I'm hoping Canon replaces their 180mm L Macro with a lighter (and-hopefully-not-more-expensive) 150mm f/2.8 IS Macro... and their 135mm f/2 with a 100mm f/1.4. That would make my year (of the lens).


----------



## RAKAMRAK (May 2, 2014)

Thank you CRians. So my hunch was more or less right that the background will be slightly different. But from your replies it seems that such difference won't really matter in most cases (in few cases it might though). What will matter mainly is the subject to front element distance - which is generally longer for longer FL macro lenses.

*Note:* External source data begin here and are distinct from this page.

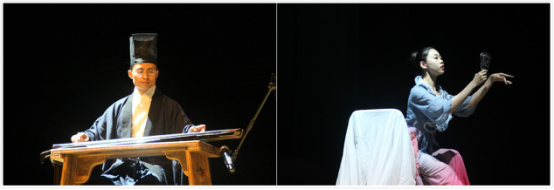 在阵阵掌声中,节目正式开始,第一个部分主题是是“人文路”。由肖磊老师和韩文娟同学带来的古琴和书法表演犹如一幅写意山水画。肖磊老师身着中华传统服饰,韩文娟同学则一袭白裙,娉婷袅袅。一人抚琴,一人写字,行云流水,台下的观众都凝神倾听,享受这安静的时光。曲毕,韩文娟向大家展示了她的书法作品——“诗肠酒骨,剑胆琴心”,师生二人向我们展示了中华文明的博大精深。
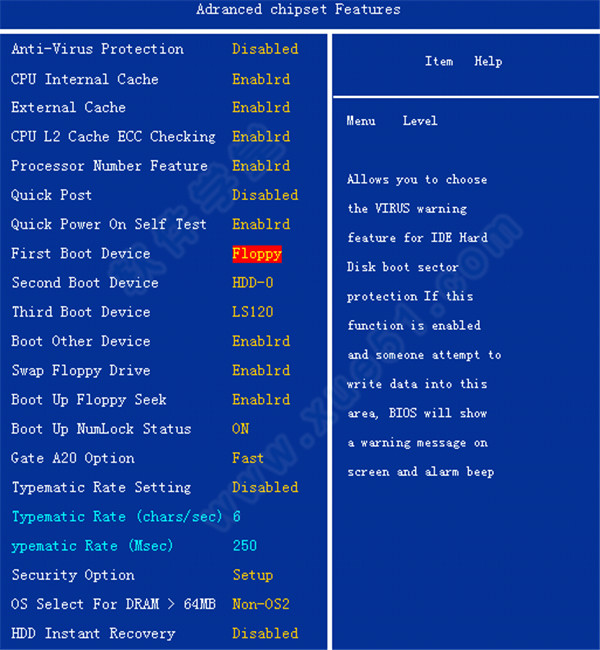 注意:以上图片仅以最常见的CMOS设置为例,如有不同,请参看主板自带说明书。当然,也可以通过开机按F12(或F10、ESC)等功能键,临时调用驱动器菜单,选择Floppy Drive(软驱)来引导软盘。
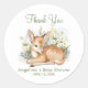 Stickers thank you for baby shower with adorable watercolor fawn nestled among flowers.
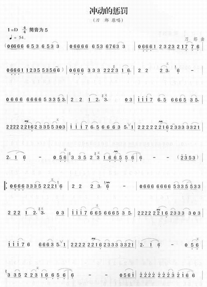 冲动的惩罚-刀郎(笛子曲谱 笛子曲 笛子谱 笛子独奏 竹笛曲谱 笛子音乐 竹笛曲 竹笛音乐 中国竹笛)

Anyway, day before yesterday I received my Sigma 150mm OS. Waiting for the weekend to explore its abilities at the local park.


----------



## 100 (May 3, 2014)

At 1:1 most macro lenses don’t have the focal length given in the specification. 
The Canon 100L for instance is at 1:1 a 75mm lens (source: http://www.photozone.de/canon_eos_ff/458-canon_100_28is_5d)
You need to know the real focal length for each lens to compare them. 
Look at the minimum focus distance of each lens. 
The Canon 100L has a minimum focus distance of 30cm
The Sigma 150mm OS has a minimum focus distance of 38cm
If you compare specified focal length the difference between the two is 50%
If you compare minimum focus distance the difference between the two is less than 30%


----------



## RAKAMRAK (May 3, 2014)

@100 Thanks for the link. But do you know any other source where I can get the 'effective focal length' information for the macros. The photozone website seems to have the information is only for the 100mm lenses. I will google it. But in case you know any other website please let me know. This is a very interesting piece of information.


----------



## sulla (May 3, 2014)

A macro lens is nothing special. You will have the same type of differences with the small objects as you would have with a large objects, say, a building:
With a shorter focal length (macro but also non-macro) you will have to move closer (building with a 28mm lens) and with a longer focal length lens (building with a 200mm lens) you will have to back up, but you can fit the building on the sensor in either case. The perspective changes (for macro and for non-macro lenses alike), and you will get different DOF (for macro and for non-macro lenses alike).
If you just shoot flat subjects you won't notice any difference at all: A 2D test chart looks the same with a 600mm and a 14mm lens, a stamp will look the same with a 60mm or a 200mm macro lens. The difference only can be seen when you shoot 3D objects - huge buildings or tiny flowers.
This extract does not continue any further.